Brown foods are packed with a wide range of vitamins and minerals that are vital for a strong immune system. For example, brown rice is a good source of selenium (it helps the immune system function properly and also helps the body produce antioxidant enzymes) while legumes like lentils and chickpeas provide zinc (an element that’s helpful for both innate and adaptive immunity).

Bone-Building Nutrients

Brown rice is a good source of manganese that helps with bone formation and mineralization. It’s important for maintaining strong and healthy bones.

Other brown foods have bone-building nutrients like calcium (almonds and sesame seeds) and magnesium (brown rice and whole grains).

Explore the Brown Foods at Nature’s Glory

Try our delicious brown rice crackers, made from handpicked brown rice, pearl barley, wheat germ, and seeds. It has white sesame seeds and is rich in iron and calcium, seasoned with Japanese shoyu and baked to crispy perfection. Crunch on this healthy snack anytime, anywhere!

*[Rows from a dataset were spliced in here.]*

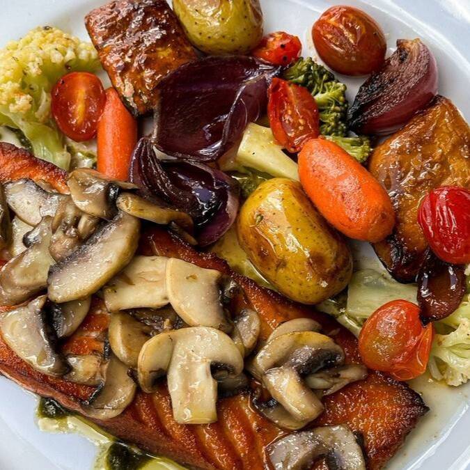 Salmão grelhado servido com cogumelos refogados e legumes assados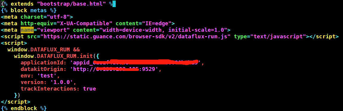 Log in to "Guance", go to "User Access Monitoring", create a new application devops-bookinfo, and copy the JS below.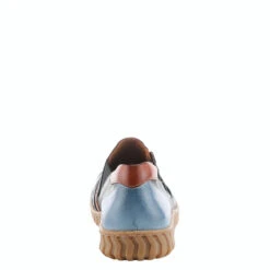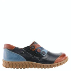 Premium, high-quality leather shoe featuring striking color blocking and unique colorful buttons on a flexible comfort sole.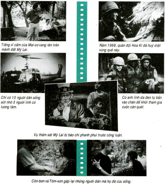 - Ảnh 6 và 7: Tôm-xơn và Cô-bơn đã trở lại Việt Nam sau 30 năm xảy ra vụ thảm sát. Hai người xúc động khi gặp lại những người dân đã được họ cứu sống. An-đrê-ốt-la vắng mặt trong cuộc gặp gỡ này bởi vì anh đã chết trận sau vụ Mĩ Lai 3 tuần.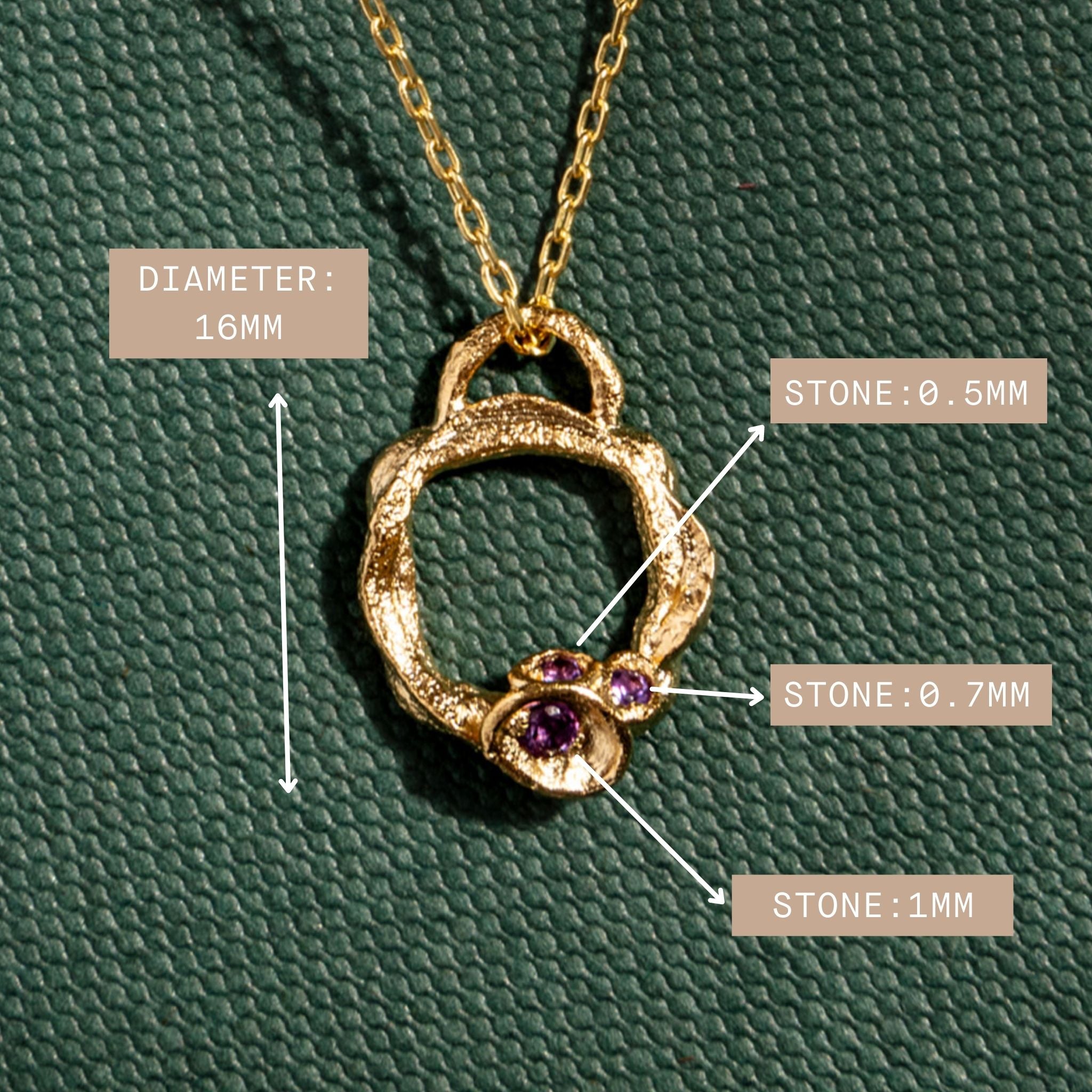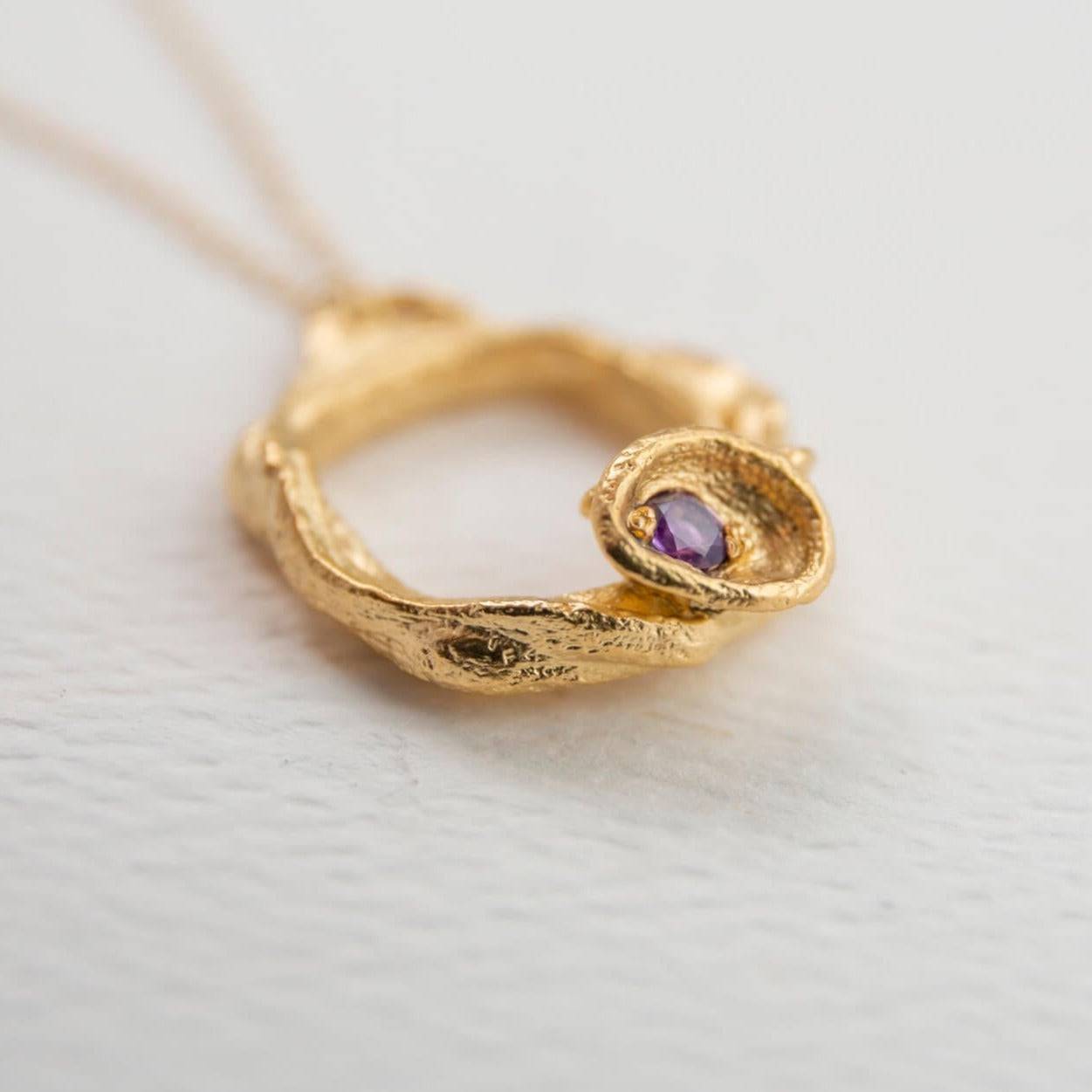 Each of our necklaces is handcrafted and considered with unique attributes. The tactile circle branch and organic lichen are made with a 100% recycled silver base and finished with a thick gold vermeil plating and filled with three ethically sourced amethysts, ready to be worn close to your heart.

In need of long-grain brown rice, without pesticides and artificial fertilisers? Nature’s Glory got your back. We bring you organic, fragrant brown rice that’s certified free of pesticides and additives. It comes in 1 or 2 kg packaging.

If you are looking for a variation of basic Udon, our Genmai Udon might be what you need. It is made from brown rice, wheat flour and sea salt. No preservatives, additives and enhancers are added for you to fully enjoy its rich nutrients and delicious taste.

Conclusion

Brown foods, contrary to popular belief, are not boring and bland. In fact, many of them are incredibly flavourful and versatile, in addition to their diverse health benefits.